Data Mining Techniques in Direct Marketing on Imbalanced Data using Tomek Link Combined with Random Under-sampling

Yllmaz Ü., Gezer C., Aydln Z., GÜNGÖR V. Ç.

5th International Conference on Information System and Data Mining, ICISDM 2021, Virtual, Online, Amerika Birleşik Devletleri, 27 - 29 Mayıs 2021, ss.67-73

Yayın Türü: Bildiri / Tam Metin Bildiri
Doi Numarası: 10.1145/3471287.3471299
Basıldığı Şehir: Virtual, Online
Basıldığı Ülke: Amerika Birleşik Devletleri
Sayfa Sayıları: ss.67-73
Anahtar Kelimeler: Direct Marketing, Data Mining, Tomek Link, Machine Learning, Imbalanced Data
Abdullah Gül Üniversitesi Adresli: Evet

Özet

© 2021 ACM.Determining the potential customers is very important in direct marketing. Data mining techniques are one of the most important methods for companies to determine potential customers. However, since the number of potential customers is very low compared to the number of non-potential customers, there is a class imbalance problem that significantly affects the performance of data mining techniques. In this paper, different combinations of basic and advanced resampling techniques such as Synthetic Minority Oversampling Technique (SMOTE), Tomek Link, RUS, and ROS were evaluated to improve the performance of customer classification. Different feature selection techniques are used in order the decrease the number of non-informative features from the data such as Information Gain, Gain Ratio, Chi-squared, and Relief. Classification performance was compared and utilized using several data mining techniques, such as LightGBM, XGBoost, Gradient Boost, Random Forest, AdaBoost, ANN, Logistic Regression, Decision Trees, SVC, Bagging Classifier based on ROC AUC and sensitivity metrics.
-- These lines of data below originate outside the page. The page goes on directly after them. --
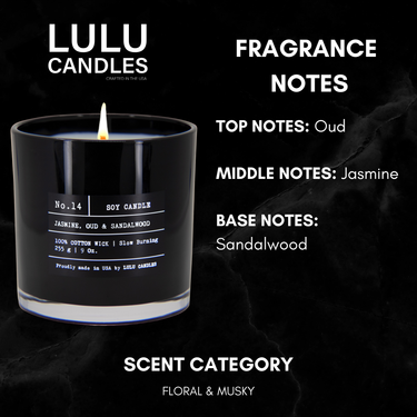Experience the perfect harmony of exotic florals and warm woods with Lulu Candles’ Jasmine, Oud & Sandalwood Candle. Hand-poured in small batches using our premium soy wax blend, this artisan candle delivers a clean, long-lasting burn that fills your space with a calming, spa-like aroma.
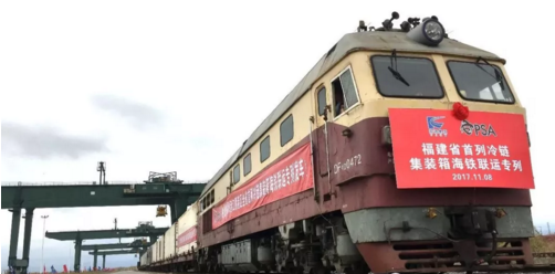 值得一提的是,2017年11月8日,福建省首列冷链集装箱海铁联运专列在江阴港区发车,装载着进口红酒和冻鱼的8个冷藏集装箱,从江阴港区铁路支线驶往内地。此举不仅开启了福建省内冷链物流运输新模式,更为江阴港区在“一带一路”建设中创造陆海统筹新发展、实施港口供应链工程,注入了全新动力。
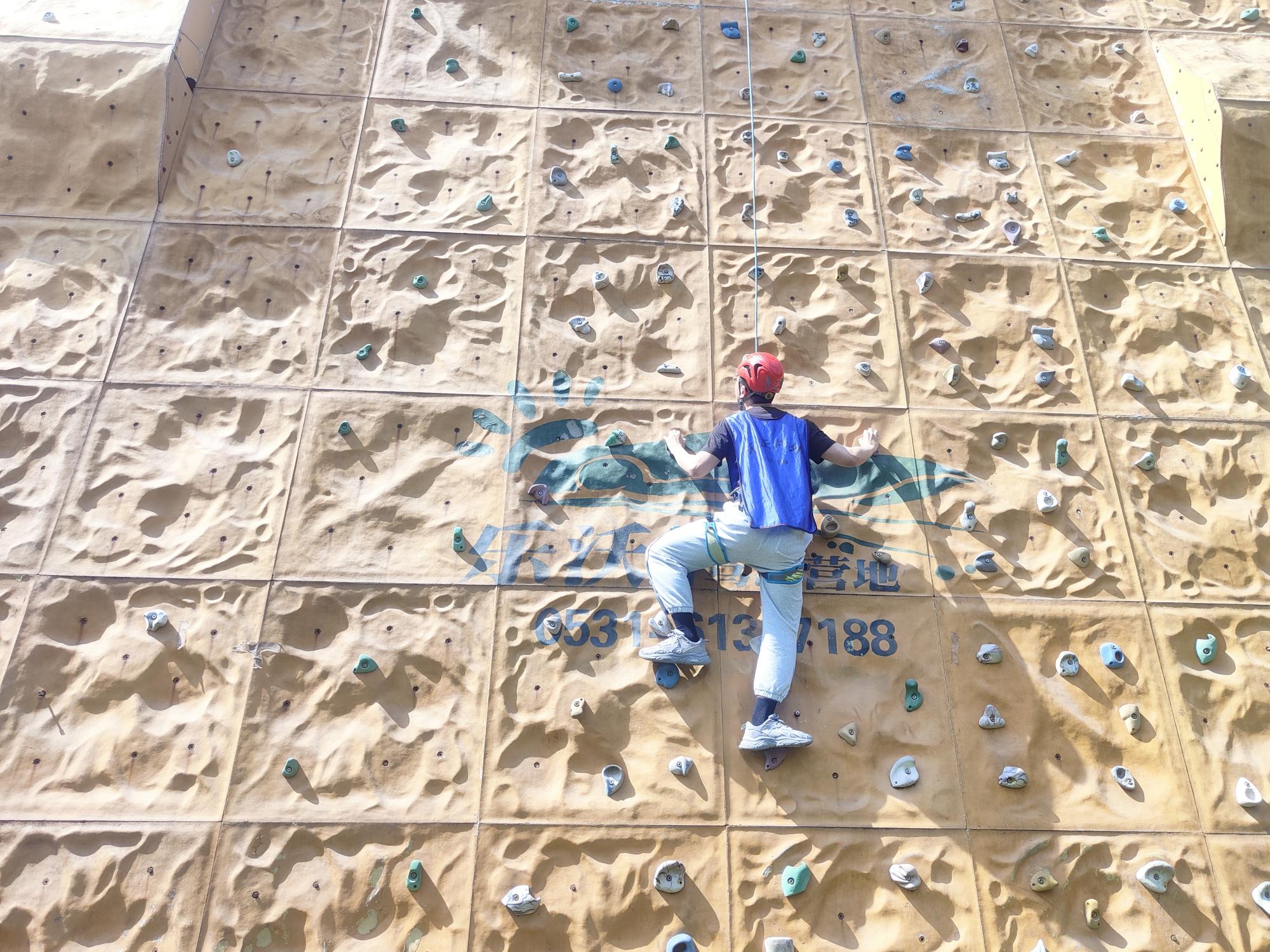 接著開始第一個(gè)項(xiàng)目——“巖壁芭蕾”。在每位成員攀巖的過程中,其他成員會(huì)圍坐在一起,高聲為其加油鼓氣,每一聲“你真棒”都在激勵(lì)著成員克服恐懼、勇敢攀登,每一句“再堅(jiān)持堅(jiān)持,把右腿伸直”都在悄然拉近著彼此間的距離。恐高的成員也在大家的鼓勵(lì)與幫助下越爬越高,我們?cè)谝黄穑娴木蜁?huì)了不起。

A combination of Tomek Link and Random Under-Sampling as a resampling technique and Chi-squared method as feature selection algorithm showed superior performance among the other combinations. Detailed performance evaluations demonstrated that with the proposed approach, LightGBM, which is a gradient boosting algorithm based on decision tree, gave the best results among the other classifiers with 0.947 sensitivity and 0.896 ROC AUC value.